_Goal of the exercise_
Repeat the following data exactly, omitting pictures.

_Information provided_
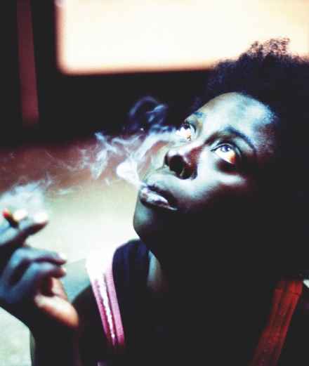 At night, Sapphire often wanders the streets of New York, especially the intersection of 125th and Lexington, a meth-dealing hotspot where ghostly silhouettes get high on K2, a synthetic drug 100 times more powerful than marijuana. The photograph’s framing doesn’t really allow us to say where this girl, whose age is impossible to guess, has stopped in the black of the night – the photographer later explains she was daydreaming just a few metres from a detox centre. In between her fingers smoulders a joint – Sapphire is an indefatigable smoker whom Khalik Allah has often photographed, to the point where today she trusts him entirely and lets him come close. In this portrait from 2013, her blood-shot eyes fix the sky, while a curl of smoke escapes from her fleshy lips. Her pose recalls James Baldwin’s when he was photographed in his home in Saint-Paul-de-Vence 30 years earlier. Underneath her Nina Simone-on-crack appearance, Sapphire seems to be savouring a brief moment of quiet in the chaos of this moribund neighbourhood. Who knows what she might be thinking about at this precise moment…
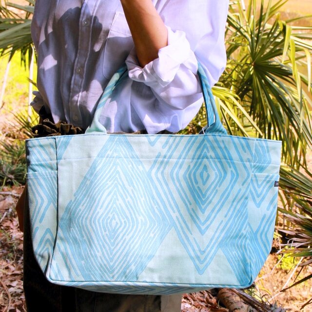 トートバッグ (M・サイドポケット付)「ミチ」_育てよう_ひし柄
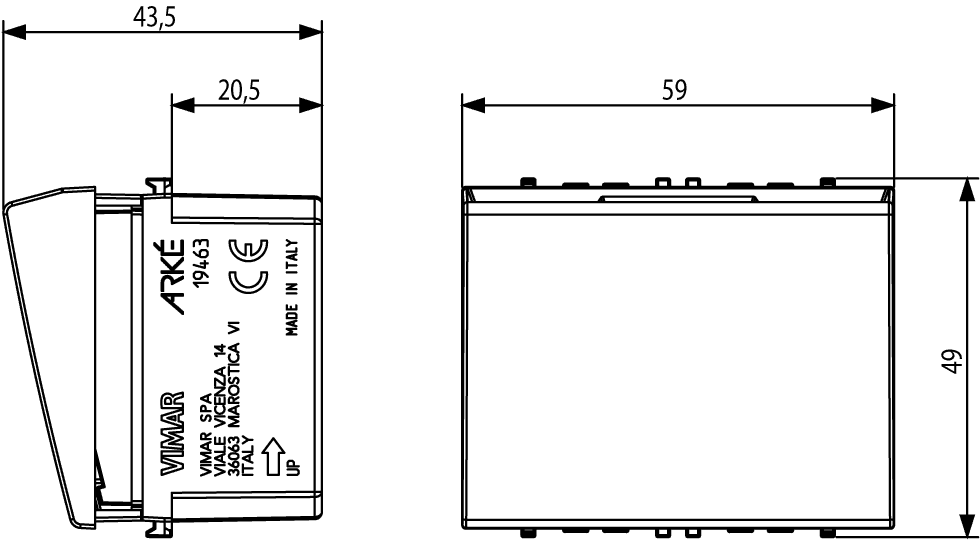 19463.M Электронный выключатель Vimar Arke металл вертикальное гнездо, 120-230 В~ 50/60 Гц - 2 модуля

_Written reply_
 At night, Sapphire often wanders the streets of New York, especially the intersection of 125th and Lexington, a meth-dealing hotspot where ghostly silhouettes get high on K2, a synthetic drug 100 times more powerful than marijuana. The photograph’s framing doesn’t really allow us to say where this girl, whose age is impossible to guess, has stopped in the black of the night – the photographer later explains she was daydreaming just a few metres from a detox centre. In between her fingers smoulders a joint – Sapphire is an indefatigable smoker whom Khalik Allah has often photographed, to the point where today she trusts him entirely and lets him come close. In this portrait from 2013, her blood-shot eyes fix the sky, while a curl of smoke escapes from her fleshy lips. Her pose recalls James Baldwin’s when he was photographed in his home in Saint-Paul-de-Vence 30 years earlier. Underneath her Nina Simone-on-crack appearance, Sapphire seems to be savouring a brief moment of quiet in the chaos of this moribund neighbourhood. Who knows what she might be thinking about at this precise moment…
 トートバッグ (M・サイドポケット付)「ミチ」_育てよう_ひし柄
 19463.M Электронный выключатель Vimar Arke металл вертикальное гнездо, 120-230 В~ 50/60 Гц - 2 модуля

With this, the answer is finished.